The following contribution to Scenes & Sounds is a remarkable collaboration between students and international scholars at a liberal arts college in Berlin. It is remarkable because it combines an open reading of Marshal Berman’s critical reflection on urban modernities, fragments of theoretical texts, descriptions of scenes and sights in contemporary Berlin, images with equally important captions drawn from Franz Hessel’s 1920 Berlin flânerie. The essay is also remarkable because it mimetically re-enacts the practice of walking and writing by offering and encouraging a hopscotch way of reading it. Discussing flânerie ‘as a practice of subjective mediation that establishes an ever-expanding, sensory connectivity among individuals in the streets’ (Kramer and Short 2011, 323), Kathryn Kramer and John Rennie Short noted in this journal how it produces ‘in the process [of walking and, later, writing about walking] vibrant documents of cities in transformation’ (ibid.).
The ten chapters of the visual essay could well be described as precisely such ‘vibrant documents’ of a city in transition, not least because the walking routes and captions directly quote Franz Hessel, while the photos display contemporary impressions of the very same places and sights. The authors are conscious of the fact that people experience the city differently, even if they take the same route and thus confidently ‘invite the reader to walk the city with us, but […] do not insist on holding hands’ (Lisiak et al., this issue). Offering reflections of modernity in Berlin in late 2017 informed by critical readings of Hessel and Berman, the seminar and resulting visual essay brings their western-centric perspectives into conversation with and relates them to decolonoial, postcolonial, feminist and queer approaches to and experiences of modernity. Insisting that Berlin (or, for that matter, any city) is always in transition, ‘A city coming into being’ is ‘a city that’s always on the go, always in the middle of becoming something else’ (Hessel 2017, 7). The piece provides illuminating insights into how the authors through dialogue immediately and subjectively respond to the messy everyday, aesthetically grounding the disorder they encounter in ‘community, history, tradition, the symbolic, place, the material, language, life-world, the gift, Sittlichkeit, the political, the religious, forms of life, memory, nature, the monument, the path, fecundity, the tale, habitus, the body’ (Lash 1999, 5-6).

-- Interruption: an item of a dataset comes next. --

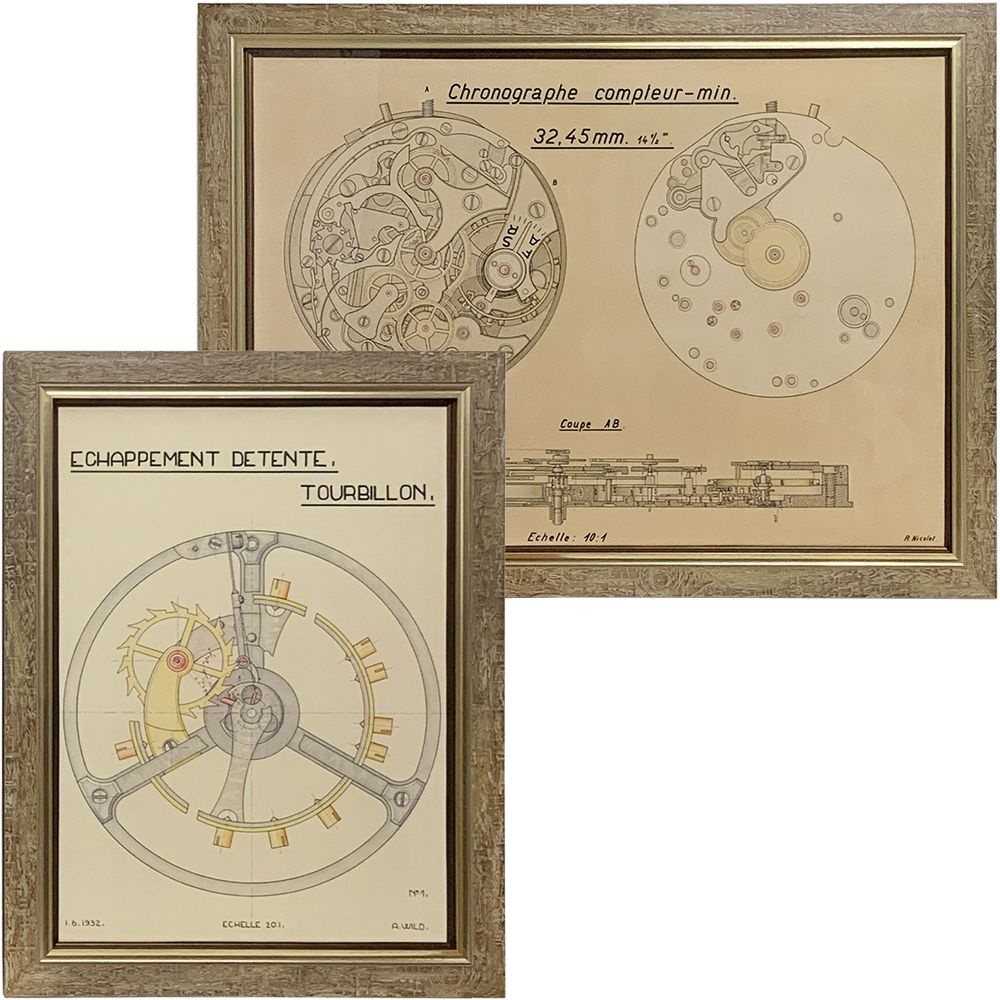 時計機構として有名な、「トゥールビヨン」のメカニズムが描かれたキャンバス画布。時計に興味のある方なら、思わず見入ってしまう品物です。紙への印刷物ではなく、年季の入ったキャンバス画布というところに、先人たちから受け継がれてきた時計の歴史が感じられます。アンティーク調のフレームとのコーディネイトも見事にはまりました。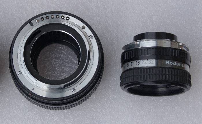Fertig! Mit dem scharfzeichnenden, verzeichnungsfreien 5,6 / 105mm Rodenstock Rodagon Vergrößerungsobjektiv kann fotografiert werden. Es wird per Hand scharfgestellt und abgeblendet.

1 Hessel, F. 2017, 108; see the caption to the first photo in the visual essay (Lisiak et al., this issue).
Anna Richter (2018) “Orient yourself properly.” Introduction to Scenes & Sounds, City, 22:5-6, 875-876, DOI: 10.1080/13604813.2018.1577636
Anna Richter is a lecturer in Urban Design at HafenCity University Hamburg and Editor of Scenes & Sounds. Email: anna.richter@hcu-hamburg.de
References
Brighenti, A.M. and C. Mattiucci. 2012. “Visualising the Riverbank.” City 16(1-2): 221-234.
Burnham, S. 2010. “The Call and Response of Street Art and the City.” City 14(1-2): 137-153.
Civil, T. 2010. “Learning the City.” City 14(1-2): 160-161.
Cochran, J. [aka Jimmy.C.]. 2010. “Aero Soul City.” City 14(1-2): 162.163.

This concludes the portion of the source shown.